Black Mirror Will Soon Unsettle You to Your Very Core in Book Form

Plus Tracy K. Smith is our new poet laureate, Stephen King is blocked by Trump, and the handmaids strike again

In today’s literary news, Black Mirror is set to unsettle and unnerve you in ink starting next year, red-cloaked women stage a sit-in to fight an abortion bill in Ohio, Tracy K. Smith may be coming to your area as the new poet laureate, and it finally happened: President Trump blocked Stephen King.

Black Mirror will be adapted as a series of books

Get ready to be unnerved and unsettled by Charlie Booker’s twisted sensibilities and preoccupations…in print! The British show turned Netflix hit, Black Mirror, is being adapted into a three-volume series of books, according to an announcement from Penguin Random House. Booker is set to edit the series, which will feature contributions from a slew of TBA literary talent. Booker described the project in typically wry fashion: “All-new Black Mirror stories from exciting authors — that’s a joyous prospect. And they’re appearing in a high-tech new format known as a book…Apparently, you just have to glance at some sort of ink code printed on paper and images and sounds magically appear in your head, enacting the story. Sounds far-fetched to me, but we’ll see.” Like the series, the books will take anthology form, but you can count on a consistently skewed worldview.

[Entertainment Weekly/Dan Heching]

Tracy K. Smith is America’s new poet laureate

Tracy K. Smith has been named the new U.S. poet laureate. 45 years old, Smith has already won a number of awards, including the Pulitzer Prize.
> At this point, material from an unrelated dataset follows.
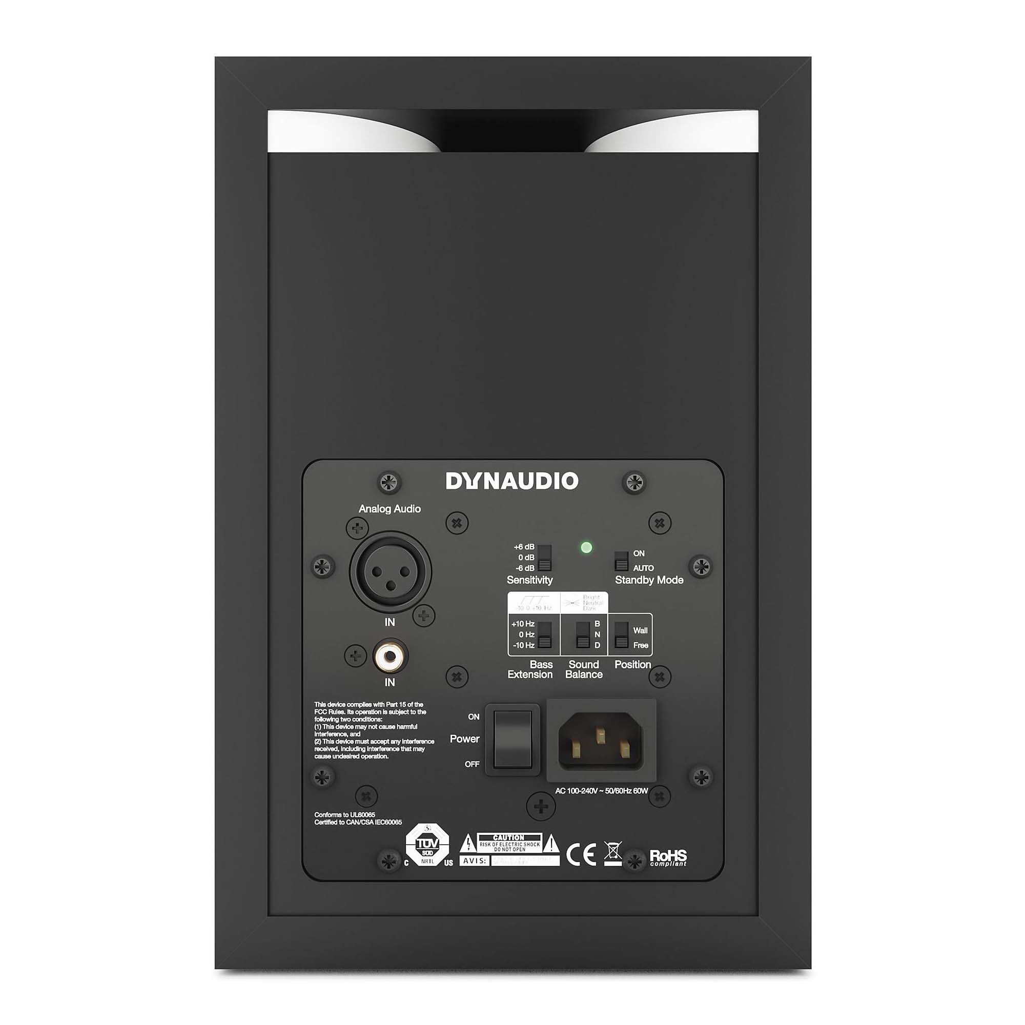 На тыловой панели Dynaudio LYD 5 можно найти аналоговый балансный вход на XLR, небалансный вход на RCA для бытовых источников, а также несколько переключателей: позиции в помещении, басового обрезного фильтра, чувствительности на входах и баланса (три предустановленных режима фильтра), также есть переключатель Standby Mode, который управляет автоматическим отключением.
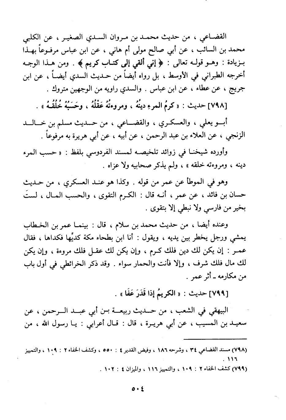798 - حَدِيث: كَرَمُ الْمَرْءِ دِينُهُ، وَمَرُوءَتُهُ عَقْلُهُ، وَحَسَبُهُ خُلُقُهُ، أبو يعلى والعسكري والقضاعي من حديث مسلم بن خالد الزنجي عن العلاء بن عبد الرحمن عن أبيه عن أبي هريرة به مرفوعا، وأورده شيخنا في زوائد تلخيصه لمسند الفردوس بلفظ: حسب المرء دينه، ومروءته خلقه، ولم يذكر صحابيه ولا عزاه، وهو في الموطأ عن عمر من قوله، وكذا هو عند العسكري من حديث حسان بن فائد عن عمر أنه قال: الكرم التقوى، والحسب المال، لست بخير من فارسي ولا نبطي إلا بتقوى، وعنده أيضا من حديث محمد بن سلام قال: بينما عمر بن الخطاب يمشي ورجل يخطر بين يديه ويقول: أنا ابن بطحاء مكة كديِّها فكداها، فقال عمر: إن لم يكن لك دين فلك كرم، وإن لم يكن لك عقل فلك مروءة، وإن لم يكن لك مال فلك شرف، وإلا فأنت والحمار سواء، وقد ذكر الخرائطي في أول باب من مكارمه. أثر عمر.

Librarian of Congress Carla Hayden bestowed the title on Smith today saying, “Her work travels the world and takes on its voices; brings history and memory to life; calls on the power of literature as well as science, religion and pop culture.” Smith, whose new status provides her with an office in the Library, a travel fund, and an official budget, is free to do what she likes with her new resources. The current Princeton professor expressed a desire to travel to small towns and rural areas where literary festivals usually don’t take place, and to expose young people to poetry. Smith is now among a group of distinguished poet laureates who came before her, including Robert Hass, Rita Dove, and Robert Pinsky.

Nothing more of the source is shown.